**Data records**:
--- --- ---

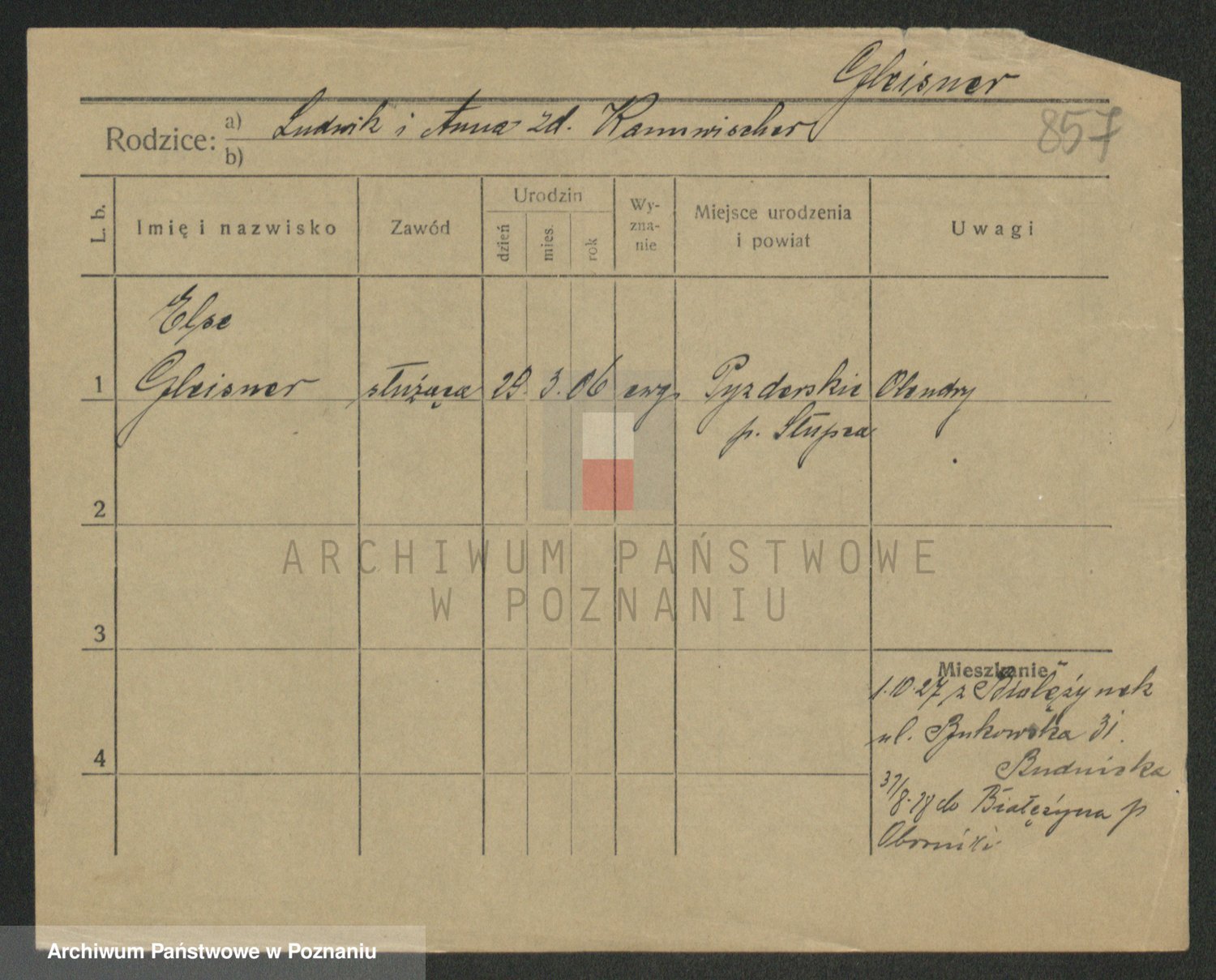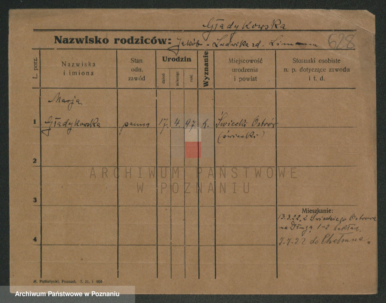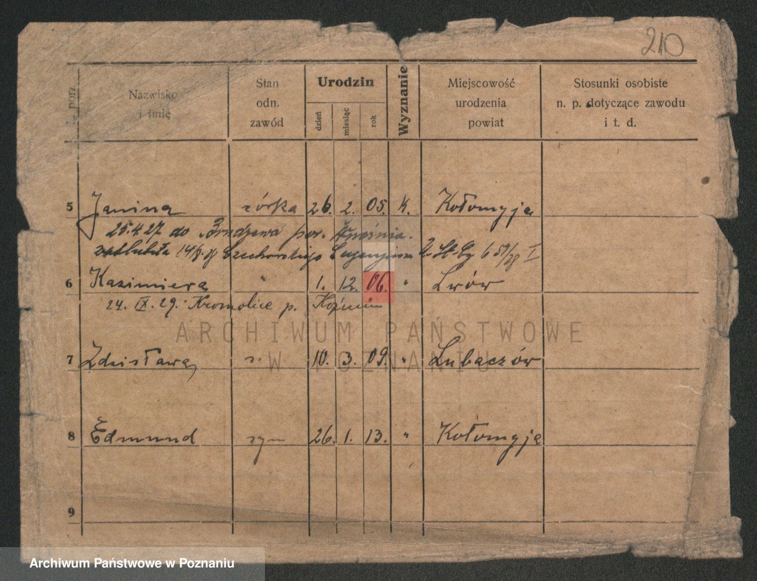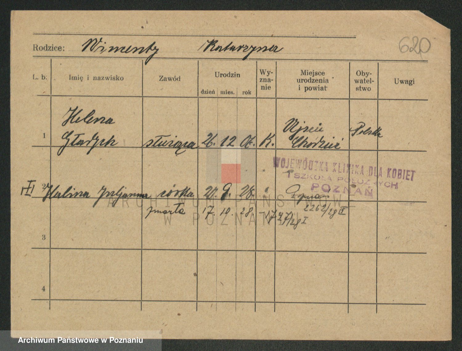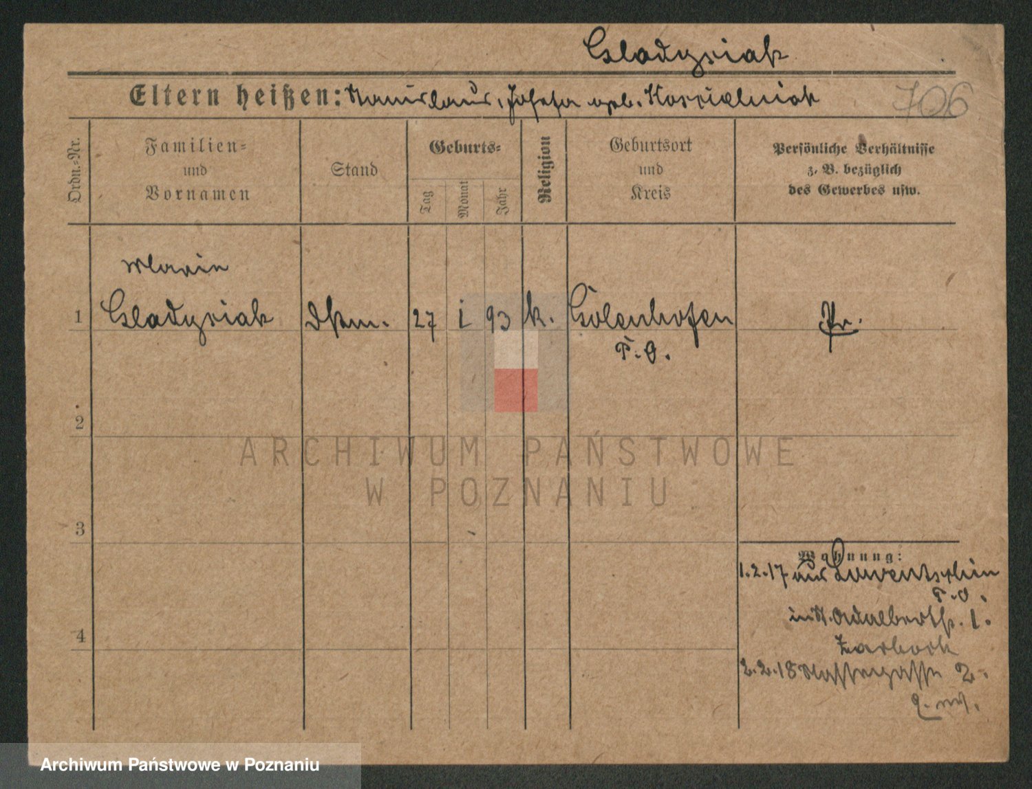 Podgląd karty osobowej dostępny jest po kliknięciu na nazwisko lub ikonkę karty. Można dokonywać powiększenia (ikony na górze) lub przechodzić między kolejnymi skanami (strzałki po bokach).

--- --- ---

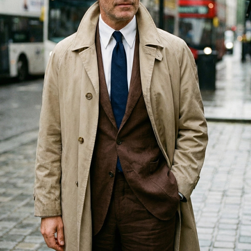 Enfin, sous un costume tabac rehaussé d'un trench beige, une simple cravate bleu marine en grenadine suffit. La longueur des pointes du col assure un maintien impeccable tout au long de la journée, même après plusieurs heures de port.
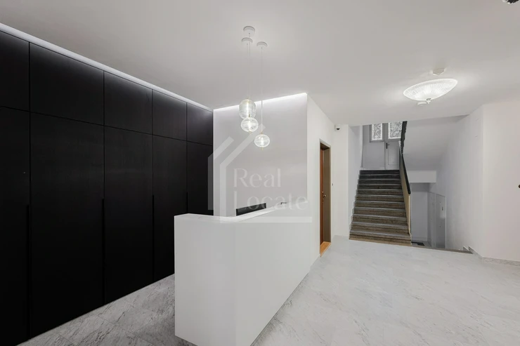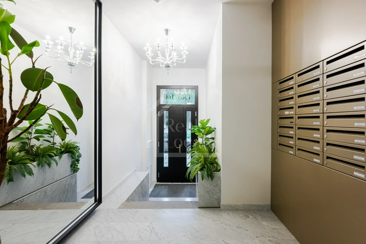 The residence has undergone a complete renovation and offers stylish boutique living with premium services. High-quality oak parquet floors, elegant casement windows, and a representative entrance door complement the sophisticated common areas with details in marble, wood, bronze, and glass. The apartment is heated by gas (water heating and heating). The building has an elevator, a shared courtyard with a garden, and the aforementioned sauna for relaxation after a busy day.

--- --- ---

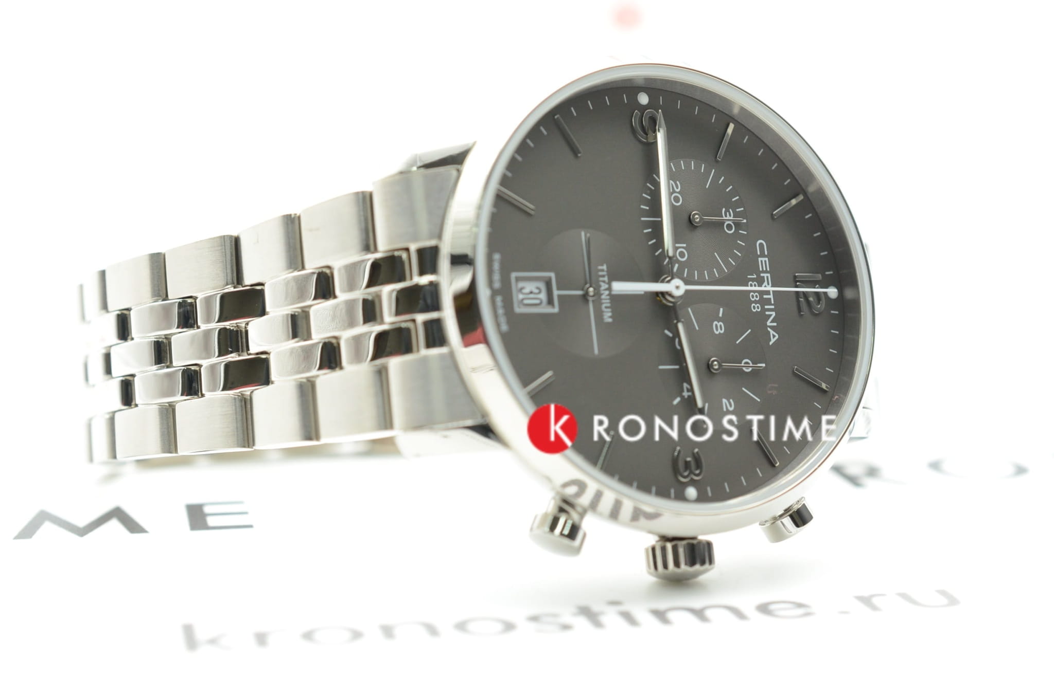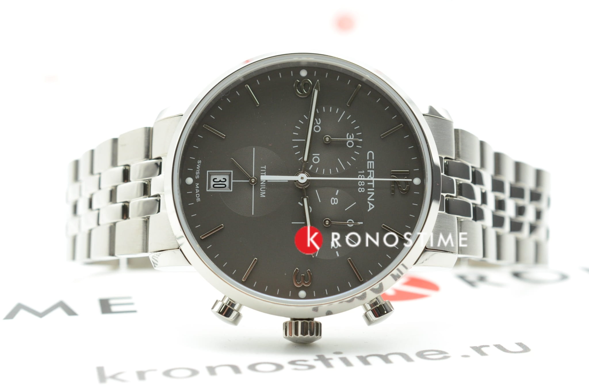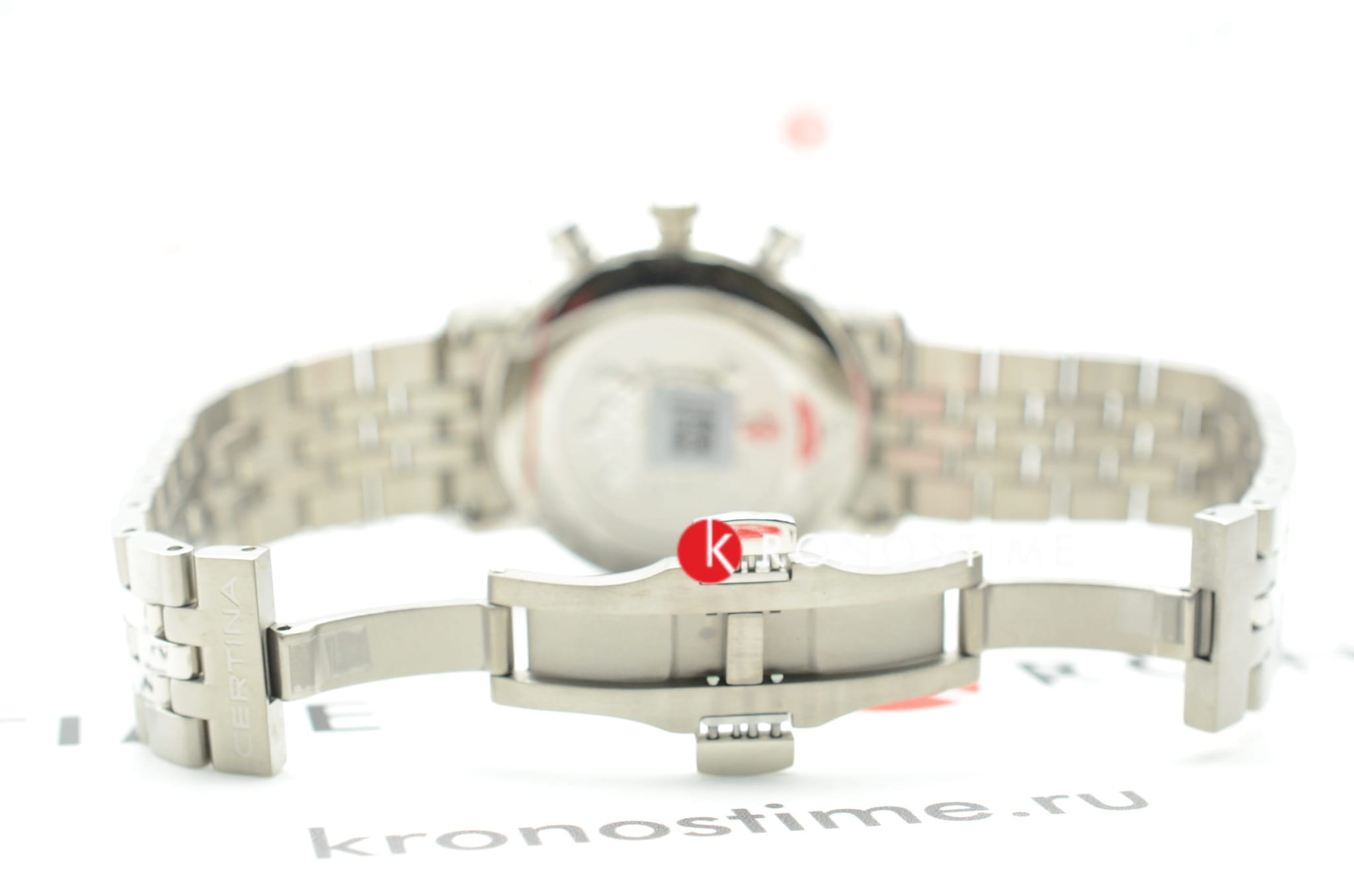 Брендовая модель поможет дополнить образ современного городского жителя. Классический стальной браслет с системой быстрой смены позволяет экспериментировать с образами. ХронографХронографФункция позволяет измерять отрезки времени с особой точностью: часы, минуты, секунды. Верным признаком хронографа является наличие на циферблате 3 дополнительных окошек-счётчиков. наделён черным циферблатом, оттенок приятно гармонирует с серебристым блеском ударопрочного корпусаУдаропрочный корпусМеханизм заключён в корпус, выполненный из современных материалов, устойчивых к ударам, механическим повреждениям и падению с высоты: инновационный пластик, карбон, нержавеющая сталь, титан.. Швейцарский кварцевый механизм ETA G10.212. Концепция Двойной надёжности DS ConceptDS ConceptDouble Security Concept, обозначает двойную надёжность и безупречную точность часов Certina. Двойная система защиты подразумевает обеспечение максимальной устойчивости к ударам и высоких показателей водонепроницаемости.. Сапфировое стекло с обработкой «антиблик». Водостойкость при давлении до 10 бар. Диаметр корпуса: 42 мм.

--- --- ---

Reproduce the records above exactly, but only from the line with "Enfin, sous un" up to and including the line with "The residence has". Leave the pictures out.

 Enfin, sous un costume tabac rehaussé d'un trench beige, une simple cravate bleu marine en grenadine suffit. La longueur des pointes du col assure un maintien impeccable tout au long de la journée, même après plusieurs heures de port.
 The residence has undergone a complete renovation and offers stylish boutique living with premium services. High-quality oak parquet floors, elegant casement windows, and a representative entrance door complement the sophisticated common areas with details in marble, wood, bronze, and glass. The apartment is heated by gas (water heating and heating). The building has an elevator, a shared courtyard with a garden, and the aforementioned sauna for relaxation after a busy day.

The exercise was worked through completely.